KNOW ALL MEN BY THESE PRESENTS, that the undersigned hereby constitutes and appoints
Keith Murphy and Barry Michaels, and each of them individually, his true and lawful
attorney-in-fact to:

(1)	execute for and on behalf of the undersigned, in the undersigned's capacity
as an officer, director and/or 10% or greater stockholder of Organovo Holdings, Inc.
(the "Company"), any and all Form 3, 4 and 5 reports required to be filed by the
undersigned in accordance with Section 16(a) of the Securities Exchange Act of 1934,
as amended, and the rules thereunder;

(2)	do and perform any and all acts for and on behalf of the undersigned which
may be necessary or desirable to complete and execute any such Form 3, 4 or 5 report
and timely file such report with the United States Securities and Exchange Commission
and any stock exchange or similar authority; and

(3)	take any other action of any type whatsoever in connection with the foregoing
which,in the opinion of such attorney-in-fact, may be of benefit to, in the best
interest of, or legally required by, the undersigned, it being understood that the
documents executed by such attorney-in-fact on behalf of the undersigned, pursuant
to this Power of Attorney, shall be in such form and shall contain such terms and
conditions as such attorney-in-fact may approve in his discretion.
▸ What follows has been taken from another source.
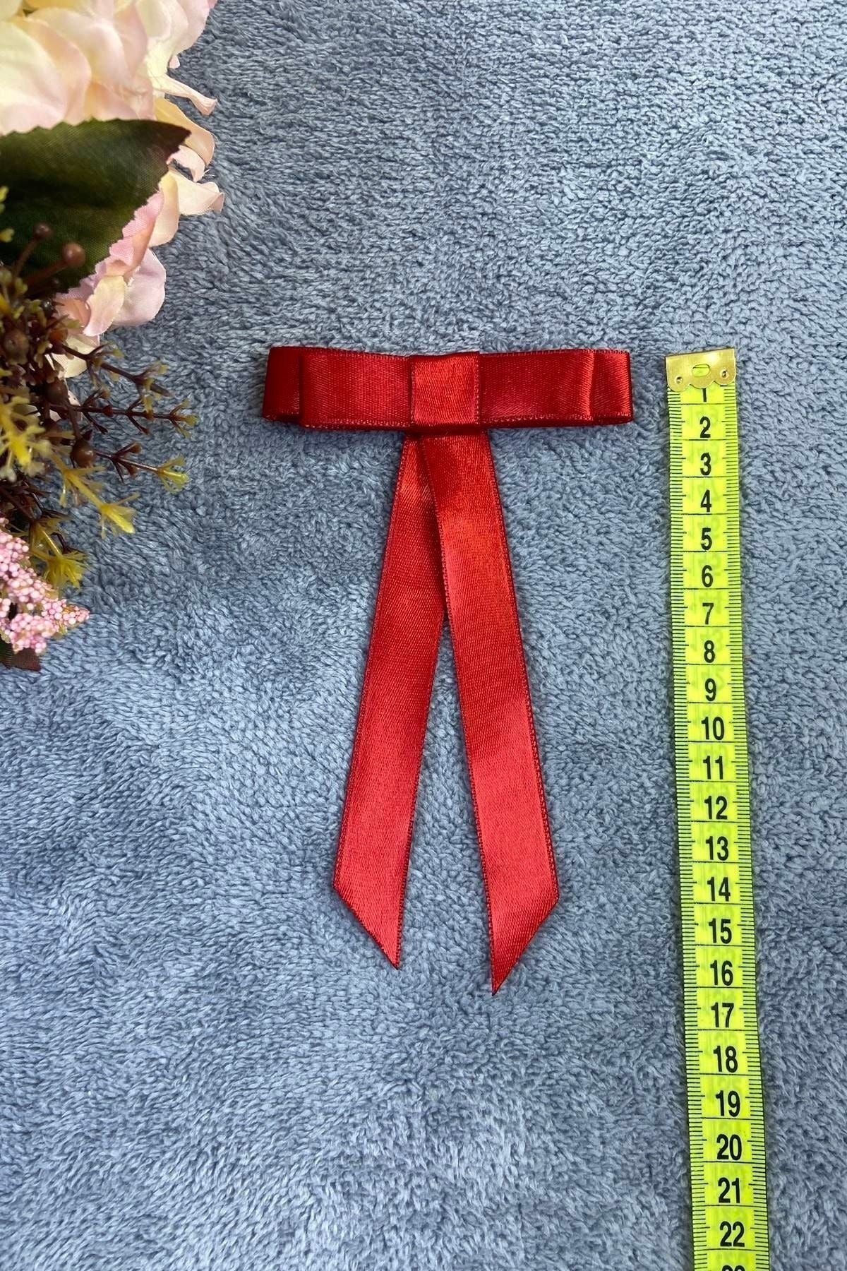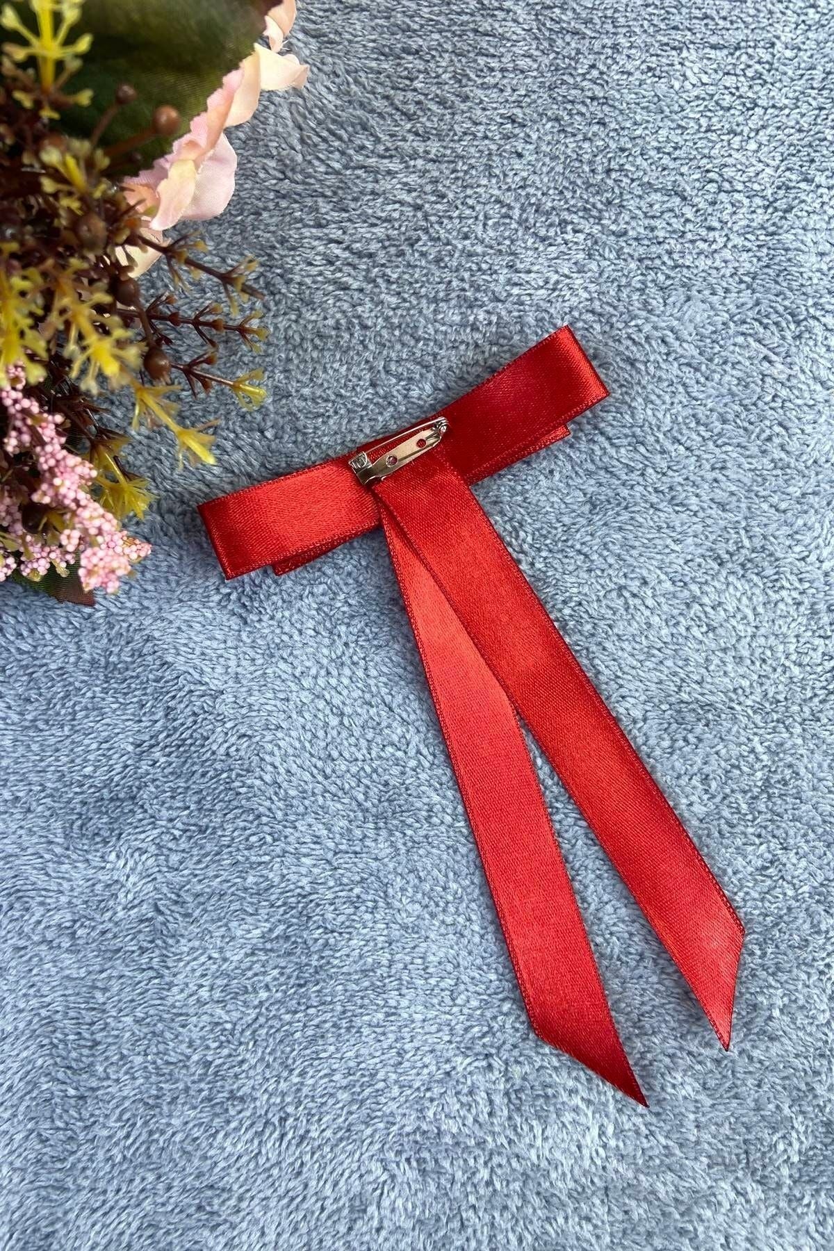 Kadın Kırmızı Saten Kadın Broş Yaka Aksesuarı Yaka Kurdelesi Kıyafet Aksesuarı Yaka Broşu

The undersigned hereby grants to each such attorney-in-fact full power and authority
to do and perform each and every act and thing whatsoever requisite, necessary, and
proper to be done in the exercise of any of the rights and powers herein granted, as
fully to all intents and purposes as the undersigned might or could do if personally
present, with full power of substitution or revocation, hereby ratifying and confirming
all that such attorney-in-fact, or his substitute or substitutes, shall lawfully do or
cause to be done by virtue of this Power of Attorney and the rights and powers herein
granted.  The undersigned acknowledges that no such attorney-in-fact, in serving in such
capacity at the request of the undersigned, is hereby assuming, nor is the Company
hereby assuming, any of the undersigned's responsibilities to comply with Section 16 of
the Securities Exchange Act of 1934, as amended.

This Power of Attorney shall remain in full force and effect until the undersigned is
no longer required to file Form 3, 4 and 5 reports with respect to the undersigned's
holdings of and transactions in securities issued by the Company, unless earlier revoked
by the undersigned in a signed writing delivered to the foregoing attorneys-in-fact.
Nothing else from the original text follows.